Member of the Vermont House of Representatives from the Chittenden 24 district
- Incumbent
- Assumed office January 6, 2021
- Preceded by: Robert Bancroft

Personal details
- Born: Alyssa Hughes Fredonia, New York, U.S.
- Party: Democratic
- Spouse: Rob Black
- Children: 3 (1 deceased)
- Education: University of Vermont

= Alyssa Black =

American politician

Alyssa Black is an American politician serving as a member of the Vermont House of Representatives for the Chittenden-24 district. Elected in November 2020, she assumed office on January 6, 2021.

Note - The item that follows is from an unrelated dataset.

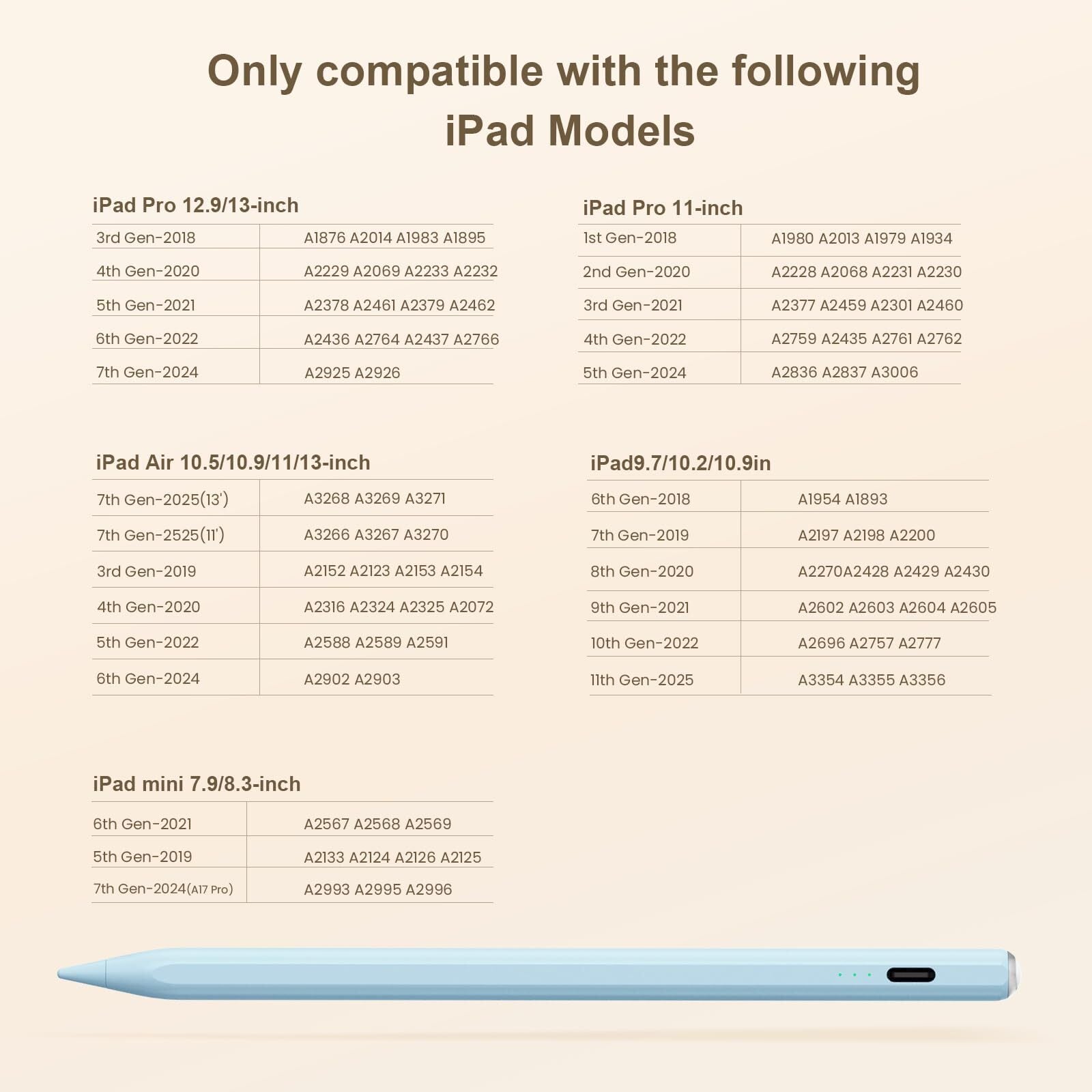 【幅広い互換性】: スタイラスペンはiPad 2018-2025シリーズに対応:iPad 第11世代 11インチ 2025/10/9/8/7/6世代、iPad Air 7th 11インチ (M3) 2025/7th 13インチ (M3) 2025/6/5/4/3世代。 iPad Pro 333。 .0 インチ M4、iPad Pro 12.9インチ 3/4/5/6世代、iPad Pro 11インチ 1/2/3/4th/M4、iPad Mini 7th (A17 Pro)/6/5th Gen。注意: この鉛筆は、2018年以前のiPadモデル、iPhone、Android、Microsoftデバイスには対応していません。 ご注文の前に製品モデルをご確認ください。

== Early life and education ==
Born and raised in Fredonia, New York, Black graduated from Fredonia High School. She attended the University of Vermont.

== Career ==
Outside of politics, Black works as a healthcare administrator for a medical practice in Williston, Vermont. She was elected to the Vermont House of Representatives in November 2020 and assumed office on January 6, 2021.

== Personal life ==
Black and her ex-husband, Rob, had three children. In 2018, Black's son, Andrew, committed suicide the same day he purchased a handgun. When joining the legislature Black advocated for legislation that would require waiting periods between firearm purchases and possession. In 2023 her sponsored legislation H.230, became law. Act 45 created a safe storage provision in Vermont statute, expanded existing extreme risk protection orders, and mandated a 72 hour waiting period between purchase and possession of firearms.